Search this site
Loading
Home
 
CBG News 
  From Slum to Safe Haven

Community Builders takes control of the Palace and the Wonder

  by Glenn Bohn (from the Vancouver Sun)
 

When two Christian entrepreneurs bought a run-down hotel on East Hastings last year to improve some of the one-room homes of the people who live in Vancouver's poorest neighbourhood, they also acquired the hotel pub.

Co-owner Hart Molthagen, an opponent of a Las Vegas-style gambling casino when he chaired Tourism Vancouver in the late 1980s, decided he no longer wanted a B.C. Lottery Corp.-owned keno machine in the pub.

But the new owners of the Dodson Hotel and Pub didn't turn the beer taps off.

Although Molthagen says he recognizes that alcohol addiction is a major problem in the Downtown Eastside, he's not ready to close down a pub where the residents of single-room-occupancy hotels go to socialize.

The pub is their living room, he says.

Molthagen recalls the day he saw a Dodson Hotel tenant enter the pub with a plastic zip-lock bag of vegetables. The man ordered a beer and nibbled on his carrot sticks.

"What's that all about?" Molthagen asks. "He just wants the social side of things. He wants to interact with someone."

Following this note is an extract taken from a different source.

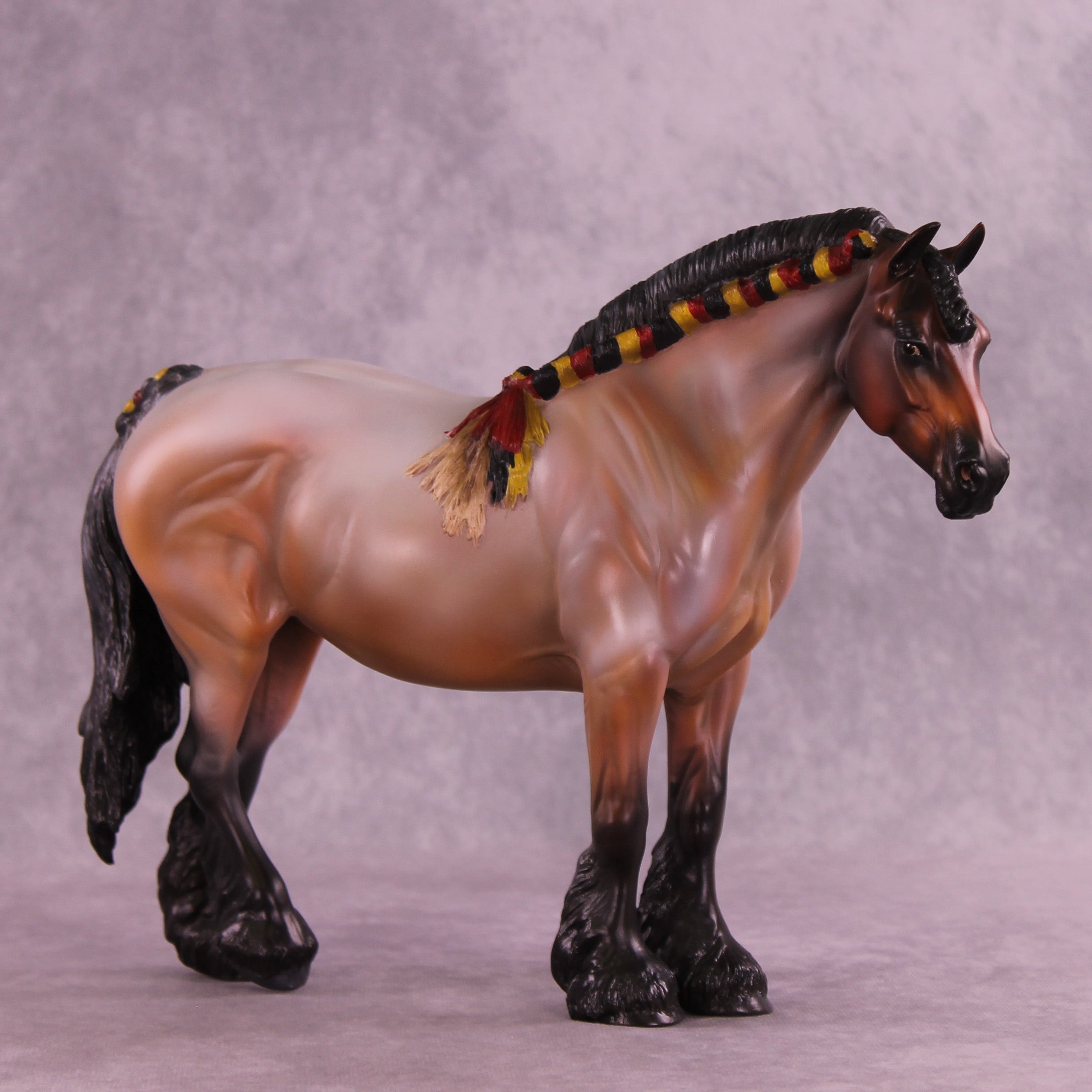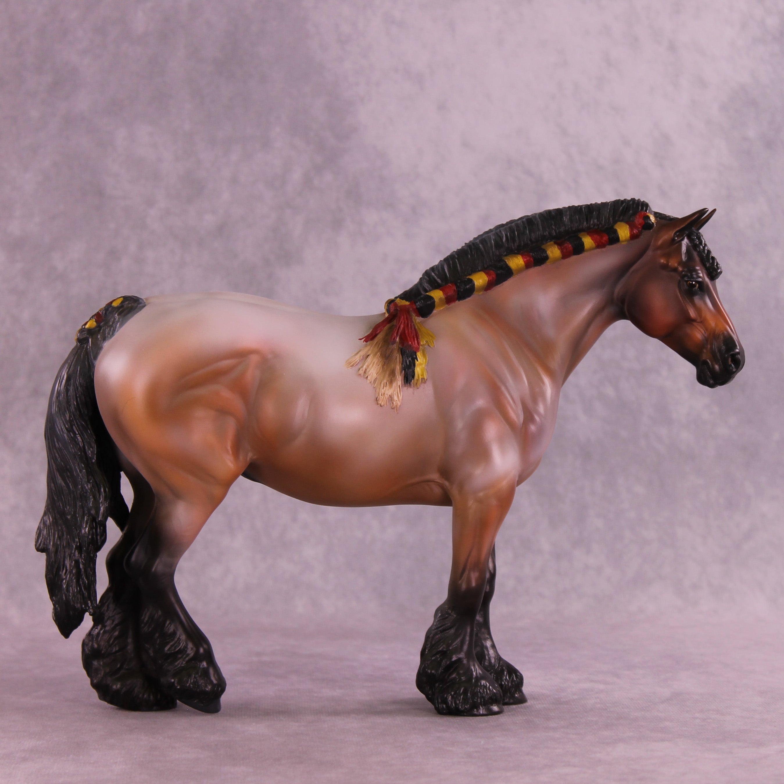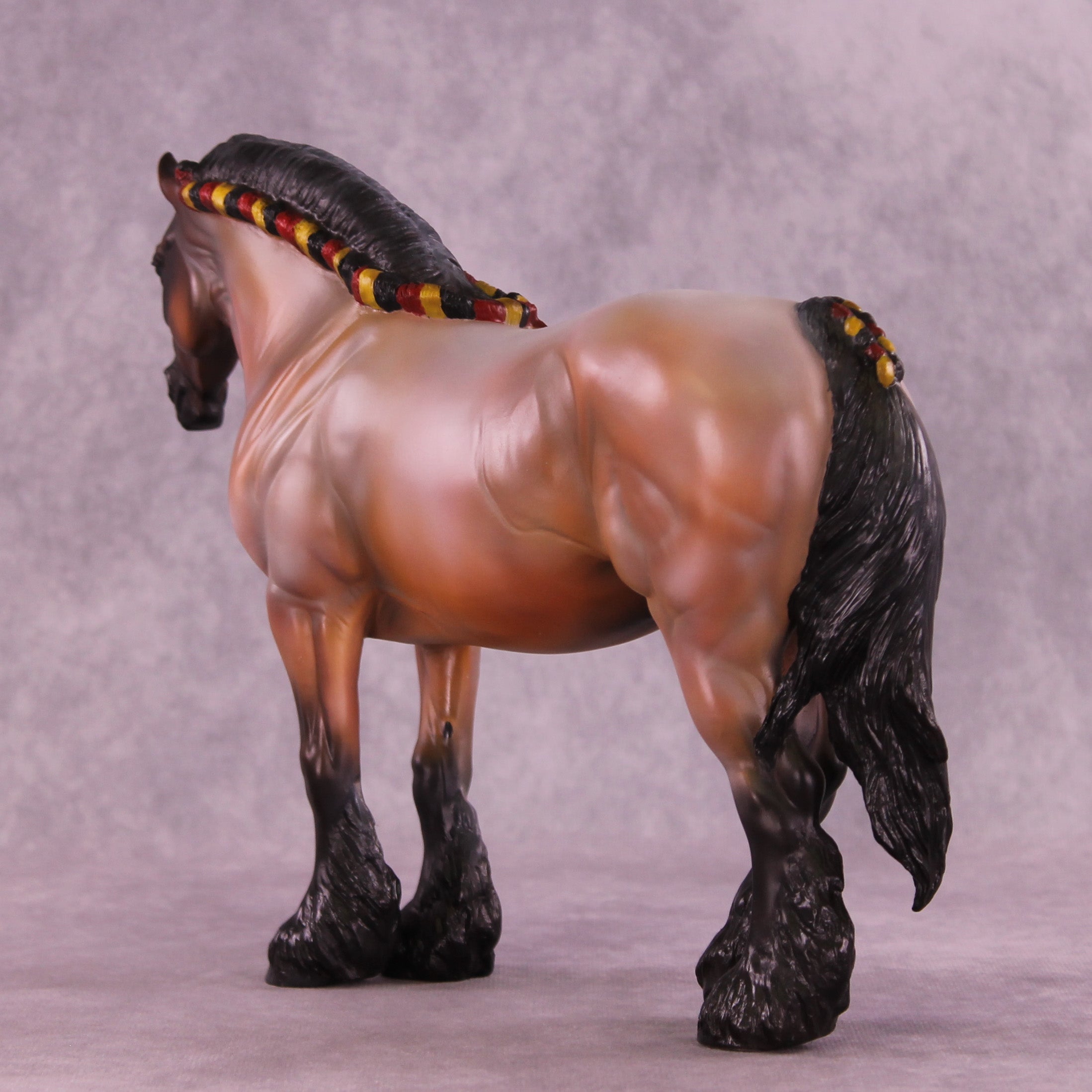 Kristen began with our Bunny mold on this piece, and transformed her into a stunning European Belgian. She has had heavy feather added, a whole new customized rolled mane with traditional raffia rolled in with ribbons in the Belgian Flag colors on both sides of her neck, a braided forelock, a whole new customized tail, and extra defined facial detailing. Kristen painted her to a stunning bay roan with frosting in her mane and tail, of course! She comes in a lovely matte finish and no finish changes are offered on this piece.

That "living room" opens at 9 a.m., like many other pubs in the area. Those who want to avoid the unpleasant symptoms of alcohol withdrawal start coming in soon afterwards.

At 10:30 a.m. on a recent weekday morning, a dozen people are already drinking beer. More are smoking cigarettes in Ye Olde Smokehouse, a walled-off smoking room.

One of the morning patrons is Nova Scotia-born Audrey Boyce, 42.

Boyce, friends know her as Kitty, belts out Shania Twain songs at the Dodson Pub most Wednesdays, on karaoke nights.

Boyce has been living in the century-old Dodson Hotel since August. She left another Downtown Eastside rooming house because she says the hotel staff acted like the "Gestapo", treating all their tenants with contempt, whether they had jobs or were drug addicts.

"Nobody likes to be told 'you can't touch that stove'," she says. "No one likes to be told don't do this or that. The first thing they're going to be told is -- excuse the language -- 'f' you. It has the reverse effect."

Providing safe, clean, affordable and supportive housing are the stated goals of the hotel owners -- Molthagen, 54, of North Vancouver, and fellow developer David Ash, 44, of Langley.

The two men say they are trying to use their money and business skills to create decent housing for low-income residents.

Residents of the Dodson say the new owners don't push religion on them or make moral judgments about their lifestyles. Boyce says the management allows residents to do what they want in the privacy of their rooms, as long as problems don't spill out into the hallways. But once a tenant's problem becomes everyone's problem -- when a tenant gets violent, for instance, hotel staff get involved.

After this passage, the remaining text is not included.